Practical Example - Automatic Probe Timeout Optimization:

# Interactive Probe optimization through Kiro
$ kiro chat --agent probe-optimizer

User: My readiness probe is failing intermittently on pod api-gateway-xyz.
      Can you diagnose and fix it?

Kiro: 🔍 Analyzing probe failures for pod api-gateway-xyz...

      ✅ Root Cause Identified (Confidence: 92%)
      - Issue: Network latency spikes to external database
      - Current Probe: periodSeconds=5, timeoutSeconds=3, failureThreshold=2
      - Network metrics show p99 latency: 2.8 seconds

      📊 Recommendation:
      1. Increase timeoutSeconds from 3 to 5 seconds
      2. Increase failureThreshold from 2 to 3
      3. Enable Container Network Observability for ongoing monitoring

      🤖 Auto-Remediation Available
      Shall I apply these changes? (yes/no)

User: yes

Kiro: ✅ Applied Probe Optimization
      - Updated Deployment: api-gateway
      - New Probe Config:
        * periodSeconds: 5
        * timeoutSeconds: 5 (increased)
        * failureThreshold: 3 (increased)
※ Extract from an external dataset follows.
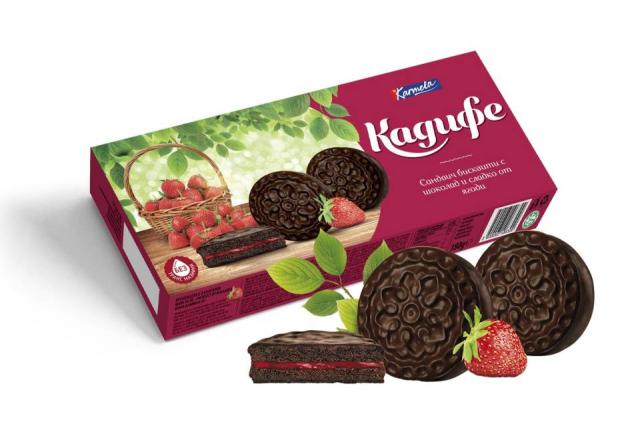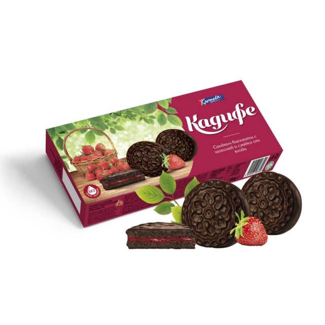 Шоколадови сандвич бисквити с плодов пълнеж ягода са неустоимо вкусни. Неустоима компания, когато ти се похапва нещо сладко, и изкусително вкусно. Опитай и се наслади!

      📈 Monitoring for 5 minutes to verify stability...

      ✅ Verification Complete
      - Probe failures reduced from 12/hour to 0/hour
      - Network latency p99: 2.8s (within new 5s timeout)
      - Recommendation recorded in tribal knowledge

      💡 Suggestion: Consider moving database to same VPC
          to reduce network latency permanently.

Debugging Probe Issues with Amazon Q Developer

Amazon Q Developer is an IDE-integrated AI assistant that supports Probe configuration code reviews and real-time debugging.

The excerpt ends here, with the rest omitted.